Then, the train and the test sets were procesed using the same approaches described for the Upsampled data.
from pyspark.sql.types import IntegerType, FloatType
trainDF = spark.read.csv('/content/drive/MyDrive/LoanStatus/Data/trainDF_SMOTE.csv',
header=True, inferSchema=True).cache()
trainDF = trainDF \
.withColumn('loan_amnt', trainDF['loan_amnt'].cast(IntegerType())) \
.withColumn('revol_bal', trainDF['revol_bal'].cast(IntegerType())) \
.withColumn('term_ 60 months', trainDF['term_ 60 months'].cast(IntegerType())) \
.withColumn('grade_B', trainDF['grade_B'].cast(IntegerType())) \
.withColumn('grade_C', trainDF['grade_C'].cast(IntegerType())) \
.withColumn('grade_D', trainDF['grade_D'].cast(IntegerType())) \
.withColumn('home_ownership_MORTGAGE', trainDF['home_ownership_MORTGAGE'].cast(IntegerType())) \
.withColumn('home_ownership_OWN', trainDF['home_ownership_OWN'].cast(IntegerType())) \
.withColumn('home_ownership_RENT', trainDF['home_ownership_RENT'].cast(IntegerType())) \
.withColumn('verification_status_Source Verified', trainDF['verification_status_Source Verified'].cast(IntegerType())) \
.withColumn('verification_status_Verified', trainDF['verification_status_Verified'].cast(IntegerType())) \
.withColumn('purpose_credit_card', trainDF['purpose_credit_card'].cast(IntegerType())) \
.withColumn('initial_list_status_w', trainDF['initial_list_status_w'].cast(IntegerType())) \
.withColumn('application_type_Joint App', trainDF['application_type_Joint App'].cast(IntegerType())) \
.withColumn('disbursement_method_DirectPay', trainDF['disbursement_method_DirectPay'].cast(IntegerType()))
print('\nTrain Schema')
trainDF.printSchema()
testDF = spark.read.csv('/content/drive/MyDrive/LoanStatus/Data/testDF_SMOTE.csv',
header=True, inferSchema=True).cache()
print('\nTest Schema')
testDF.printSchema()
Logistic Regression¶
Let's now run the baseline models for the SMOTE set and compare the different model results within the SMOTE data as well as the Upsampled sets.

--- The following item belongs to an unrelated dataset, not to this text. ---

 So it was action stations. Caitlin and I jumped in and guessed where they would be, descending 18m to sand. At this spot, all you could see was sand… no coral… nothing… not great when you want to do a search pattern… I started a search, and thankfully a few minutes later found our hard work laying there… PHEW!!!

lr = LogisticRegression(family='binomial',
labelCol='label',
featuresCol='scaledFeatures',
regParam=0.0,
elasticNetParam=0.0,
maxIter=100)
search_time_start = time.time()
pipeline_lr = Pipeline(stages=[mmScaler, lr])
pipelineModel_lr = pipeline_lr.fit(trainDF)

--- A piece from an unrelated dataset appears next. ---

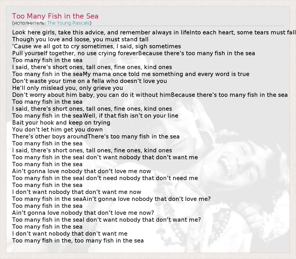 Look here girls, take this advice, and remember always in lifeInto each heart, some tears must fall Though you love and loose, you must stand tall 'Cause we all got to cry sometimes, I said, sigh sometimes Pull yourself together, no use crying foreverBecause there's too many fish in the sea Too many fish in the sea I said, there's short ones, tall ones, fine ones, kind ones Too many fish in the seaMy mama once told me something and every word is true Don't waste your time on a fella who doesn't love you He'll only mislead you, only grieve you Don't worry about him baby, you can do it without himBecause there's too many fish in the sea Too many fish in the sea I said, there's short ones, tall ones, fine ones, kind ones Too many fish in the seaWell, if that fish isn't on your line Bait your hook and keep on trying You don't let him get you down There's other boys aroundThere's too many fish in the sea Too many fish in the sea I said, there's short ones, tall ones, fine ones, kind ones Too many fish in the seaI don't want nobody that don't want me Too many fish in the sea Ain't gonna love nobody that don't love me now Too many fish in the seaI don't need nobody that don't need me Too many fish in the sea I don't want nobody that don't want me now Too many fish in the seaAin't gonna love nobody that don't love me? Too many fish in the sea Ain't gonna love nobody that don't love me now? Too many fish in the seaI don't want nobody that don't want me? Too many fish in the sea I don't want nobody that don't want me Too many fish in the, too many fish in the sea

print('Time to fit baseline model:', time.time() - search_time_start)
Path = '/notebooks/LoanStatus/Python/ML/SparkML/Models/Baseline/baselineModel_lr_smote'
pipelineModel_lr.save(Path)
prediction_lr = pipelineModel_lr.transform(testDF)
lr_auroc = evaluator_auroc.evaluate(prediction_lr)
print('Baseline: Logistic Regression')
print('Area under ROC curve: %g' % (lr_auroc))
print('Test Error: %g' % (1.0 - lr_auroc))
print('Accuracy:', evaluator_acc.evaluate(prediction_lr))
LinearSVC¶
lsvc = LinearSVC(labelCol='label',
featuresCol='scaledFeatures',
regParam=0.0,
tol=1e-5,
maxIter=100)
search_time_start = time.time()
pipeline_lsvc = Pipeline(stages=[stdScaler, lsvc])
pipelineModel_lsvc = pipeline_lsvc.fit(trainDF)
print('Time to fit baseline model:', time.time() - search_time_start)
Path = '/notebooks/LoanStatus/Python/ML/SparkML/Models/Baseline/baselineModel_lsvc_smote'
pipelineModel_lsvc.save(Path)
prediction_lsvc = pipelineModel_lsvc.transform(testDF)
lsvc_auroc = evaluator_auroc.evaluate(prediction_lsvc)
print('Baseline: LinearSVC')
print('Area under ROC curve: %g' % (lsvc_auroc))
print('Test Error: %g' % (1.0 - lsvc_auroc))
print('Accuracy:', evaluator_acc.evaluate(prediction_lsvc))
Decision Tree¶
dt = DecisionTreeClassifier(labelCol='label',
featuresCol='unscaledFeatures',
maxDepth=5,
maxBins=16,
impurity='gini',
seed=seed_value)
search_time_start = time.time()
pipeline_dt = Pipeline(stages=[dt])
pipelineModel_dt = pipeline_dt.fit(trainDF)
print('Time to fit baseline model:', time.time() - search_time_start)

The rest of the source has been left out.